→ **Exercise objective**: Transcribe each line below verbatim; pictures excluded.

··· Data excerpt ···

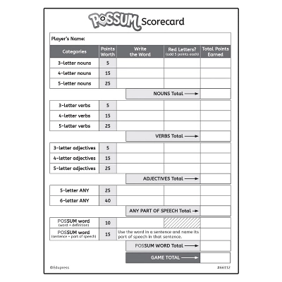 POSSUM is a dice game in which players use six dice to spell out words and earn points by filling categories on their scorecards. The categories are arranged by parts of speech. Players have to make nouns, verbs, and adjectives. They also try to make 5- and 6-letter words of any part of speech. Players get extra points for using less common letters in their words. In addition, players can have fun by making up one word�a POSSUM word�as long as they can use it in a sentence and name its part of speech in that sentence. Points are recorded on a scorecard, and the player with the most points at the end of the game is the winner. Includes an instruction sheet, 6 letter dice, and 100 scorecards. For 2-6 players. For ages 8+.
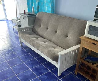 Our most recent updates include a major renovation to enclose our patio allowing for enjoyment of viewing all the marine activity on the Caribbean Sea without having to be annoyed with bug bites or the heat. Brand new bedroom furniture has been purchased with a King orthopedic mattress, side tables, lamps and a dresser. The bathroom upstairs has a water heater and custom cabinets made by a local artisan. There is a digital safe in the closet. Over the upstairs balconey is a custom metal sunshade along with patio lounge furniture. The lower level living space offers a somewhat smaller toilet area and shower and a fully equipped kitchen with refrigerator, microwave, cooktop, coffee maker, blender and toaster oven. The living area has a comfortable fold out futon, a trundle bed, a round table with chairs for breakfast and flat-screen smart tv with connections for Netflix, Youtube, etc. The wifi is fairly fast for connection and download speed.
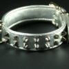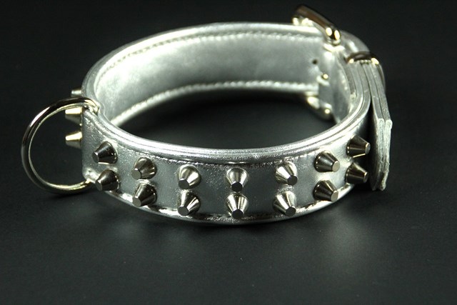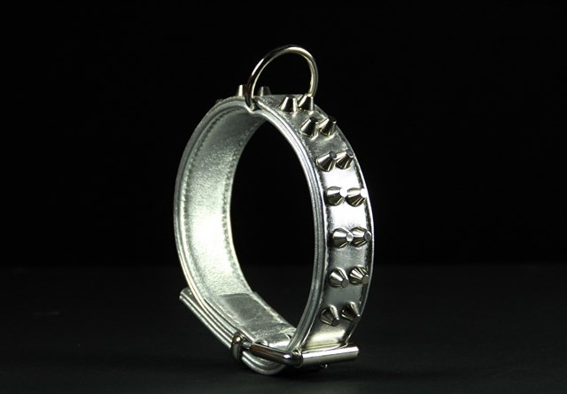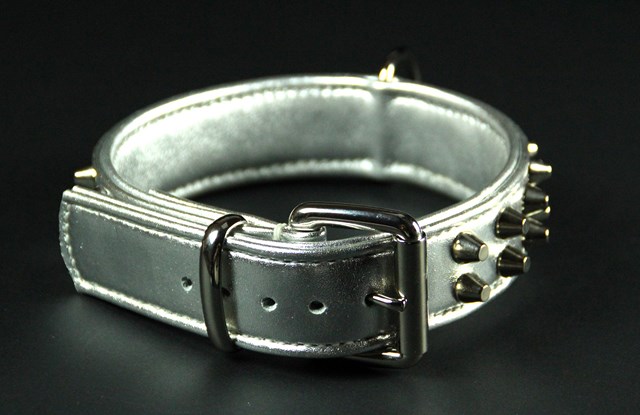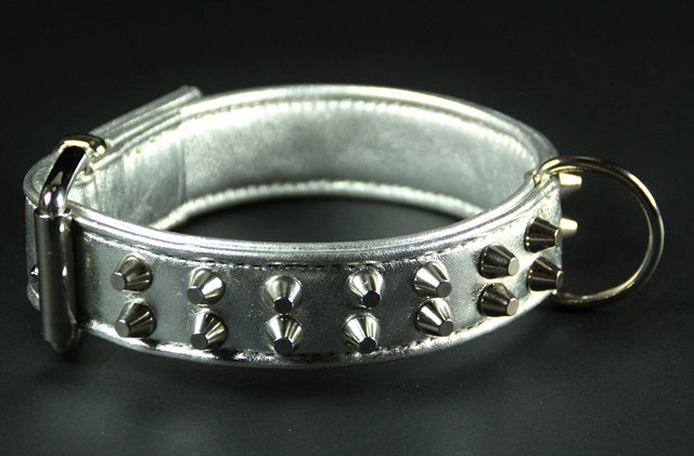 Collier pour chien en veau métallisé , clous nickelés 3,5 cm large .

···

→ **Solved exercise**:
 POSSUM is a dice game in which players use six dice to spell out words and earn points by filling categories on their scorecards. The categories are arranged by parts of speech. Players have to make nouns, verbs, and adjectives. They also try to make 5- and 6-letter words of any part of speech. Players get extra points for using less common letters in their words. In addition, players can have fun by making up one word�a POSSUM word�as long as they can use it in a sentence and name its part of speech in that sentence. Points are recorded on a scorecard, and the player with the most points at the end of the game is the winner. Includes an instruction sheet, 6 letter dice, and 100 scorecards. For 2-6 players. For ages 8+.
 Our most recent updates include a major renovation to enclose our patio allowing for enjoyment of viewing all the marine activity on the Caribbean Sea without having to be annoyed with bug bites or the heat. Brand new bedroom furniture has been purchased with a King orthopedic mattress, side tables, lamps and a dresser. The bathroom upstairs has a water heater and custom cabinets made by a local artisan. There is a digital safe in the closet. Over the upstairs balconey is a custom metal sunshade along with patio lounge furniture. The lower level living space offers a somewhat smaller toilet area and shower and a fully equipped kitchen with refrigerator, microwave, cooktop, coffee maker, blender and toaster oven. The living area has a comfortable fold out futon, a trundle bed, a round table with chairs for breakfast and flat-screen smart tv with connections for Netflix, Youtube, etc. The wifi is fairly fast for connection and download speed.
 Collier pour chien en veau métallisé , clous nickelés 3,5 cm large .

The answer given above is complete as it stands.